Партийная идеология основывалась на социалистическом популизме и польском национал-патриотизме. Подчёркивались рабочие классовые приоритеты. В программу ППС—Прежней революционной фракции включались требования «расширения экономической демократии», создания «палаты труда», активной социальной политики. В качестве противников рассматривались частнособственнические классы и просоветские коммунисты. Эта враждебность в обе стороны отражалась и в действиях Рабочей милиции, которую по-прежнему возглавлял Юзеф Локетек[5].

С ППС—Прежней революционной фракцией аффилировалось Центральное объединение классовых профсоюзов (CZKZZ). Теоретически CZKZZ выступало под радикально-социалистическими лозунгами, на практике являлось структурой поддержки Пилсудского в рабочей среде. Именно профобъединение явилось основным полем деятельности Морачевского, долгое время возглавлявшего профсоюз железнодорожников.
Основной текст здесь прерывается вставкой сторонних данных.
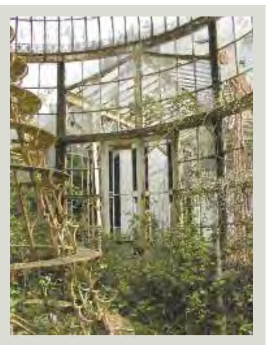
This finely-made circular conservatory was designed and erected at Castlebridge House, County Wexford by James Pierce of Mill Road Iron Works, Wexford. In addition to its iron structure, it contains a 10-tier iron display stand for plants at its centre

The conservation of adjacent materials such as tiled floors, supporting masonry or glazing should not be overlooked when dealing with larger projects. Traditional plain glass is an often-overlooked aspect of glasshouse conservation. Many types of traditional conservatory glass are no longer manufactured and the retention and conservation of existing glazing in such structures will merit consideration.
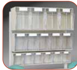
Tilt Bin Organizers
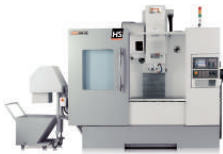
3 off XYZ 1060
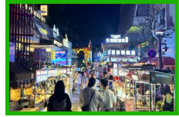
another night market

Guizhou's sheer number of cigarette smokers in public was staggering, from young fashionable people to old farmers and in between. Cigarette smoke permeated everywhere.
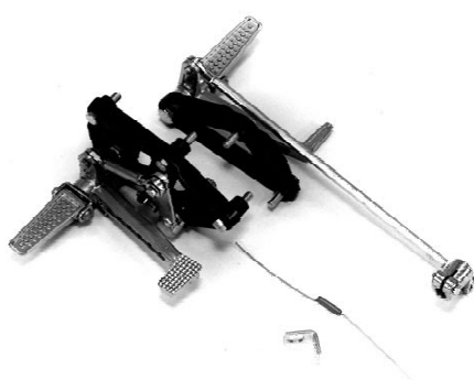
Suzuki GSF 600 BANDIT
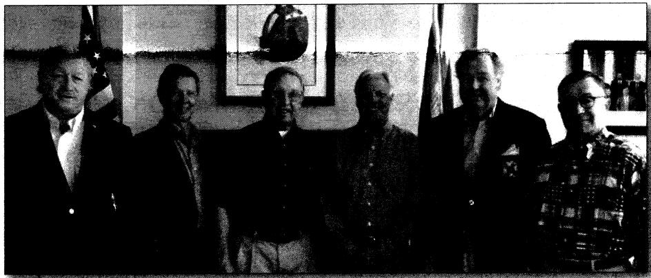
Beauvoir • May 2013 • Biloxi, Mississippi
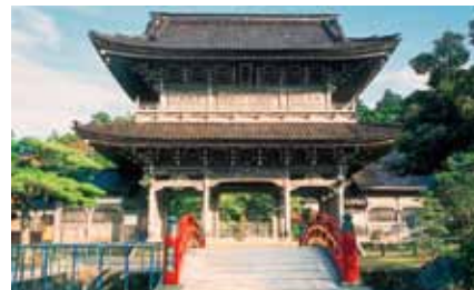
Soujiji Temple (総持寺)

山中、山代、片山津、粟津からなる加賀温泉郷は和倉温泉とともに全国有数の温泉地として快適な宿泊施設とゆきとどいたサービスで、年間220万人以上の温泉客をもてなしています。温泉地の周辺には、越前加賀海岸国定公園、那谷寺、ゴルフ場等があり、九谷焼、山中漆器などの伝統産業と一体となった一大観光地を形成しています。
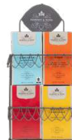
66-7071-1 4 Slot Premium
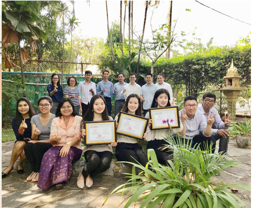
នាយកផ្នែកស្រាវជ្រាវស្តីទី នៃ CDRi ប្រគល់លិខិតបញ្ជាក់ការហាត់ការ ដល់និស្សិតអង់គ្លេស និងកូរ៉េ, CDRi ខែធ្នូ ២០១៩ CDRi's acting director of research awarding internship certificates to British and South Korean students, CDRi December 2019

អង្គការសហប្រជាជាតិស្តីពីច្បាប់សមុទ្រ។ ក្នុងនេះ វិទ្យាស្ថាន CDRi រំពឹងថានឹងដើរតួនាទីសំខាន់ ក្នុងកិច្ចពិភាក្សាពីច្បាប់ជាតិ ដើម្បីការពារធនធានសមុទ្រ និងបរិស្ថានរបស់ប្រទេសកម្ពុជា។
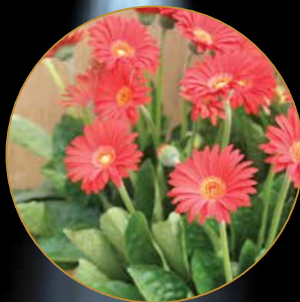
Gerbera 'Garvinea Sweet Love' Florist Holland

Sweet Love is the newest addition and first red color in the Sweet collection. It features true red, super-sized flowers. It will look incredible mass planted or in decorative containers. Garvinea Sweet varieties flower continuously from early spring until first frost.
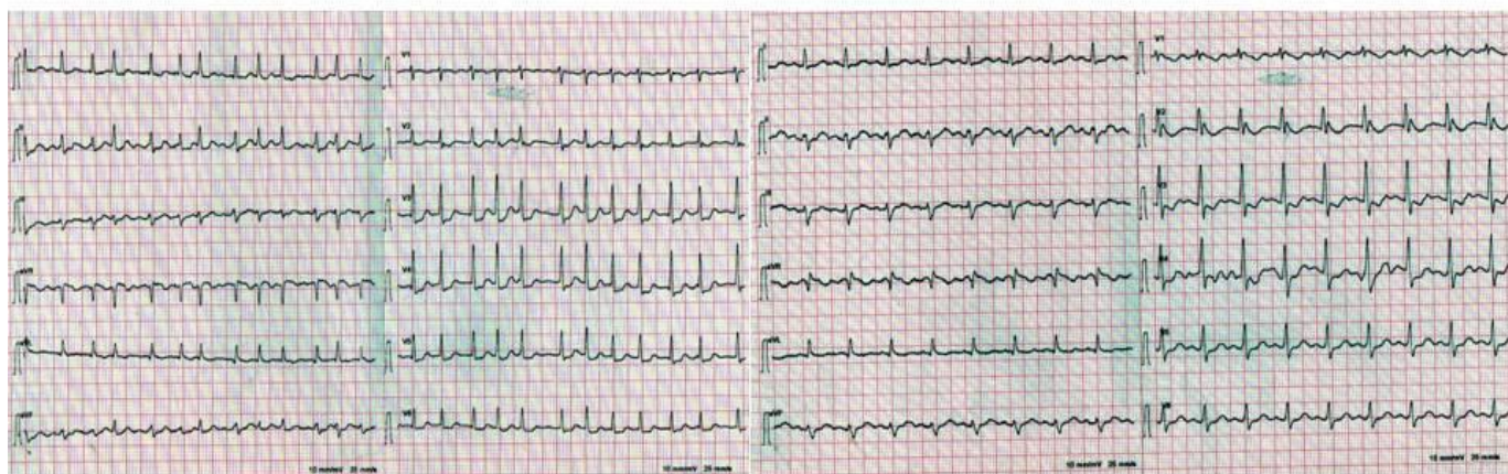
Figure 1: Showing Electrocardiographic tracings before and after pharmacological cardioversion. (A) Twelve-lead tracing shows atrial fibrillation with the fast ventricular response. (B) 12 lead tracing shows sinus rhythm with bi-fascicular block (i.e. LAHB and incomplete RBBB).
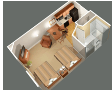
Two Bed Studio Suite
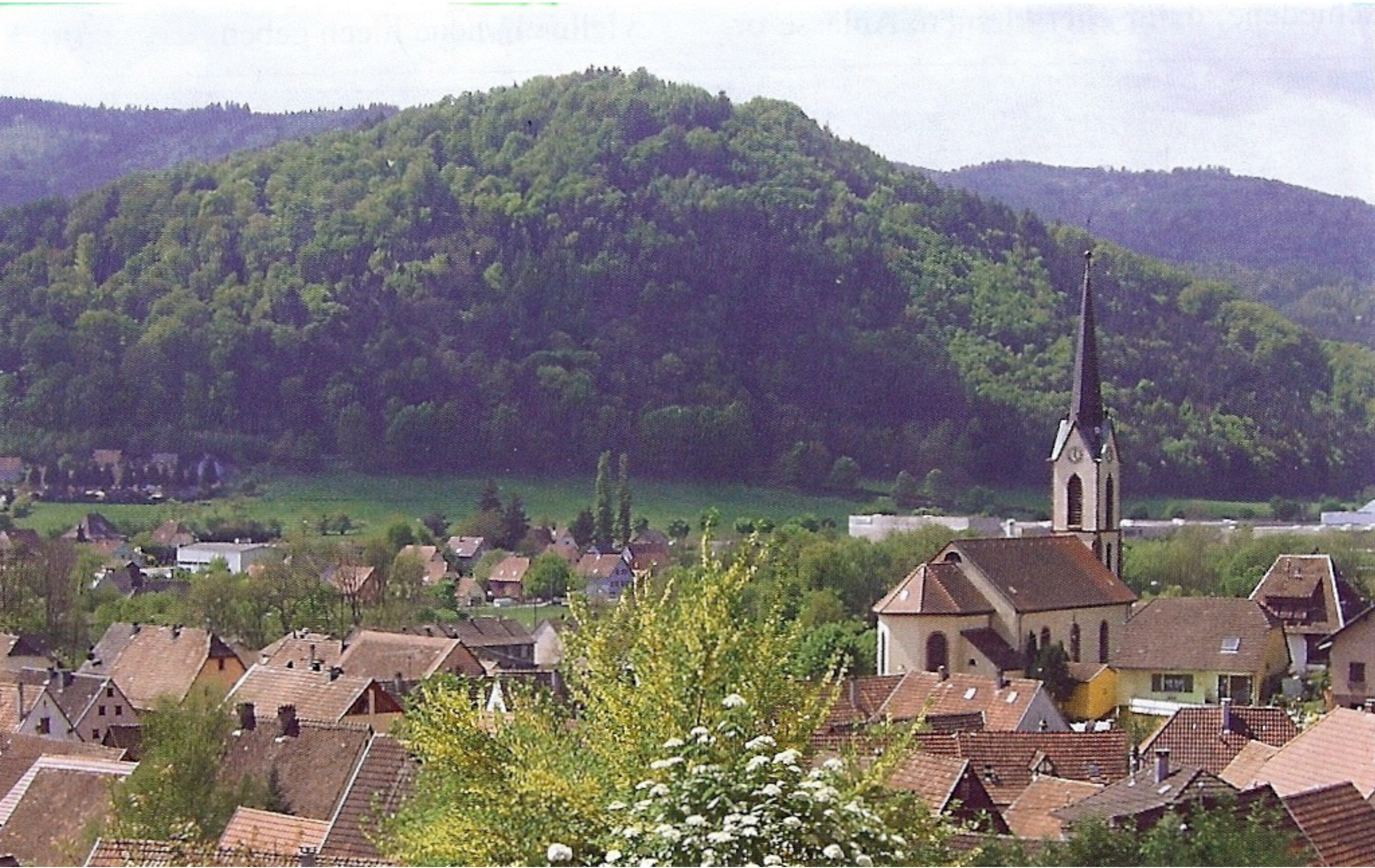
The green valley and the village of Günsbach where Albert grew up.
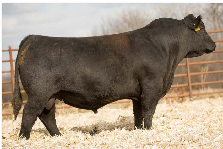
TJ BONAFIDE 647H
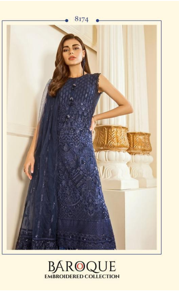
BAROQUE EMBROIDERED COLLECTION
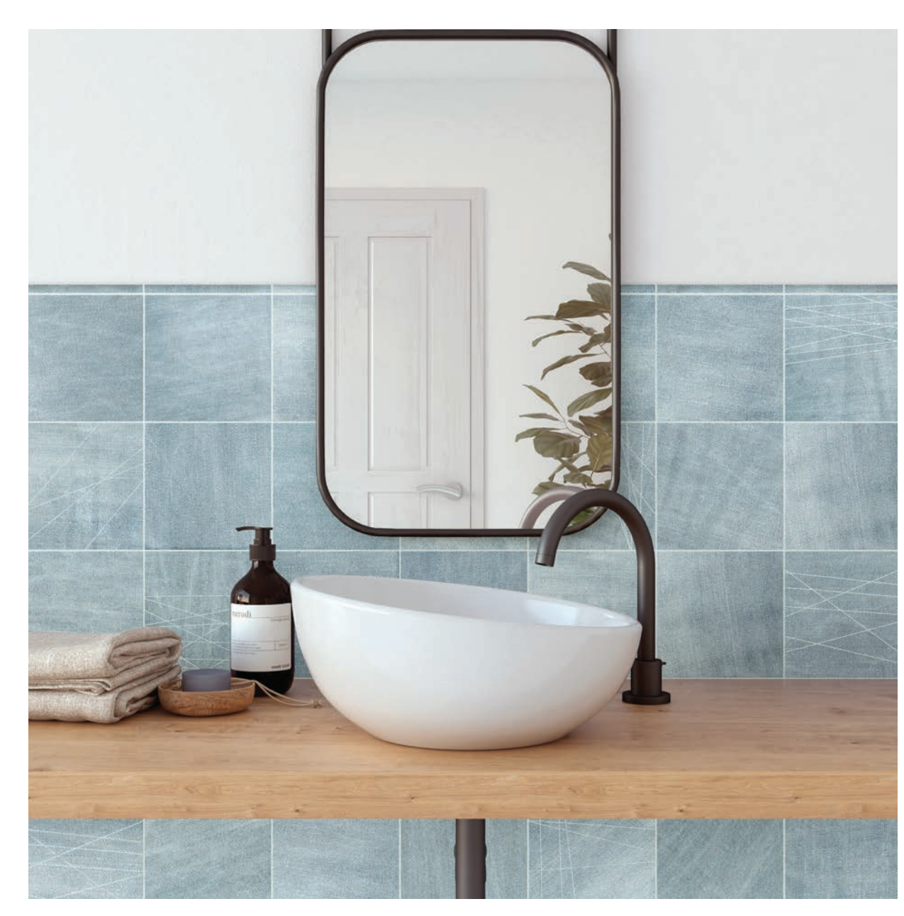
5.5" Quartino in Washed Blue 5.5"x5.5" Field Tile in Washed Blue 5.5"x5.5" Deco in Washed Blue

В начале 1930-х годов в партии и профсоюзе произошёл раскол. Яворовский, его жена Констанция, Щипёрский, Локетек стояли на идеологизированных позициях «независимого социализма». Морачевский и его сторонники, прежде всего Зигмунт Гардецкий и Медард Довнарович, выступали за абсолютную лояльность Пилсудскому, «беспартийность профсоюзов» и полностью следовали в фарватере Беспартийного блока сотрудничества с правительством[6]. Кроме того, Морачевского не устраивало, что его имя ассоциировалось с криминальной деятельностью таких активистов ППС—Прежняя революционная фракция, как Локетек и Семёнтковский[7].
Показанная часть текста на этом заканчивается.